Content starts
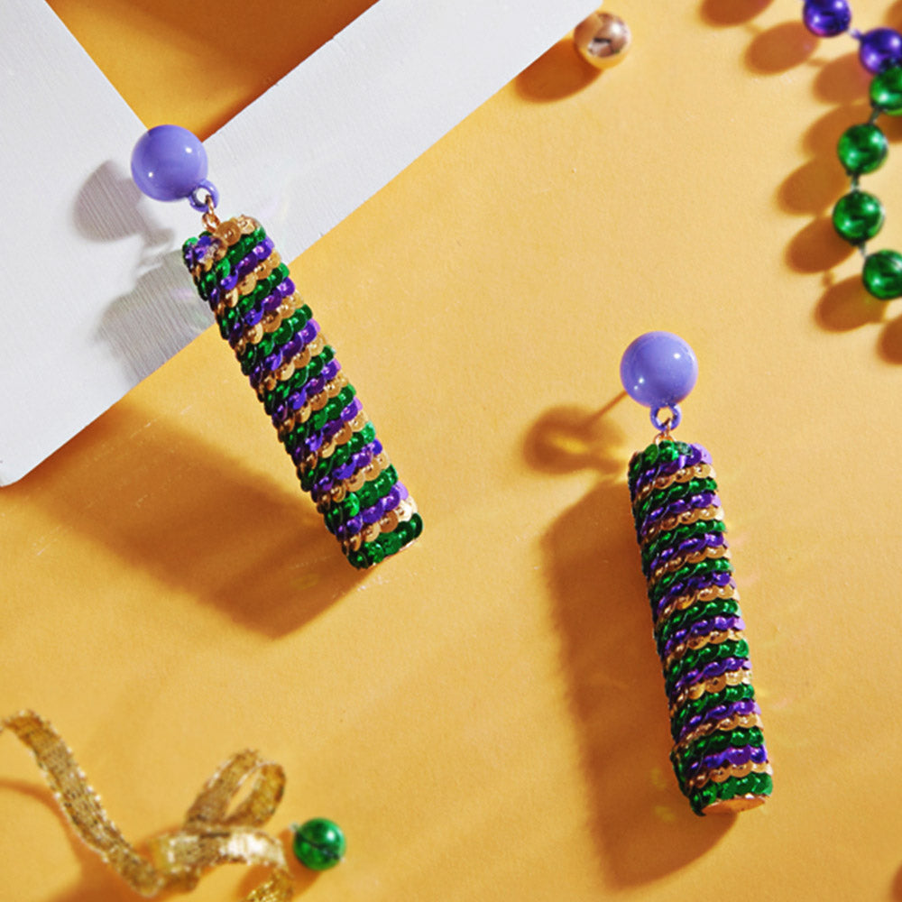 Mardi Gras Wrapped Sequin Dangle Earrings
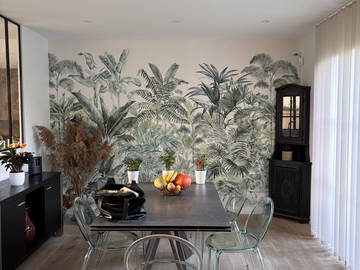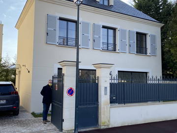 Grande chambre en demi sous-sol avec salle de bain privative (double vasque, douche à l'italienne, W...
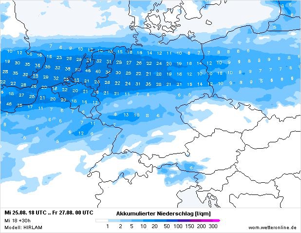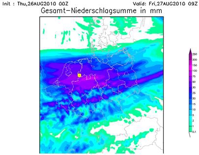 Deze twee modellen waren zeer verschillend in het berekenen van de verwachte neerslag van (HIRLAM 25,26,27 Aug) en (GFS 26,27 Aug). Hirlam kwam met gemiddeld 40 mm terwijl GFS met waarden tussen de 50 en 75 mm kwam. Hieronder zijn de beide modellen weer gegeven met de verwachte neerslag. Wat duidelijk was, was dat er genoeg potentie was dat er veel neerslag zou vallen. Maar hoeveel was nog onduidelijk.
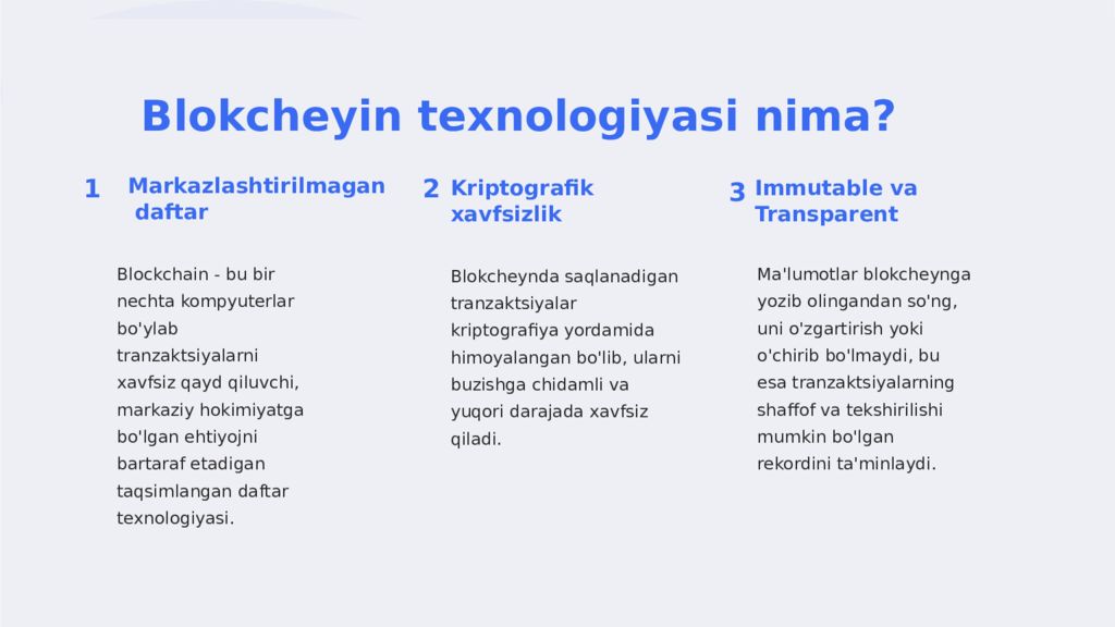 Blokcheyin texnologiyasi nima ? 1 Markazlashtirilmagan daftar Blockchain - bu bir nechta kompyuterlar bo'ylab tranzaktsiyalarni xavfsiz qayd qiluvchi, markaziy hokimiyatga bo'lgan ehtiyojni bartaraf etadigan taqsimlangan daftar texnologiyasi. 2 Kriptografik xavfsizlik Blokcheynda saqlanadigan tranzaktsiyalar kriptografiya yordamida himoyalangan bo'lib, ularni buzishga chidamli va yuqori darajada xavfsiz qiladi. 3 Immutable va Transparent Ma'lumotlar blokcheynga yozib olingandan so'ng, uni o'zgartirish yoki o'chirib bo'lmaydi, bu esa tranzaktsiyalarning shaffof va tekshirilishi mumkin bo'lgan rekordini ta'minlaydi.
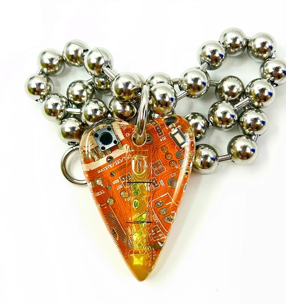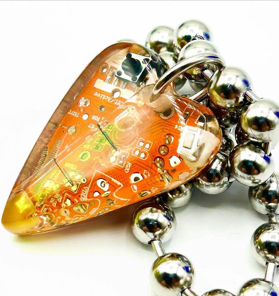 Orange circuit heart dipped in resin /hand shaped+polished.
Content ends
Work task: Word for word, restate only the lines from the one bearing "Deze twee modellen" through the final line of the listing, inclusive, with no pictures.

Solution to this task:
 Deze twee modellen waren zeer verschillend in het berekenen van de verwachte neerslag van (HIRLAM 25,26,27 Aug) en (GFS 26,27 Aug). Hirlam kwam met gemiddeld 40 mm terwijl GFS met waarden tussen de 50 en 75 mm kwam. Hieronder zijn de beide modellen weer gegeven met de verwachte neerslag. Wat duidelijk was, was dat er genoeg potentie was dat er veel neerslag zou vallen. Maar hoeveel was nog onduidelijk.
 Blokcheyin texnologiyasi nima ? 1 Markazlashtirilmagan daftar Blockchain - bu bir nechta kompyuterlar bo'ylab tranzaktsiyalarni xavfsiz qayd qiluvchi, markaziy hokimiyatga bo'lgan ehtiyojni bartaraf etadigan taqsimlangan daftar texnologiyasi. 2 Kriptografik xavfsizlik Blokcheynda saqlanadigan tranzaktsiyalar kriptografiya yordamida himoyalangan bo'lib, ularni buzishga chidamli va yuqori darajada xavfsiz qiladi. 3 Immutable va Transparent Ma'lumotlar blokcheynga yozib olingandan so'ng, uni o'zgartirish yoki o'chirib bo'lmaydi, bu esa tranzaktsiyalarning shaffof va tekshirilishi mumkin bo'lgan rekordini ta'minlaydi.
 Orange circuit heart dipped in resin /hand shaped+polished.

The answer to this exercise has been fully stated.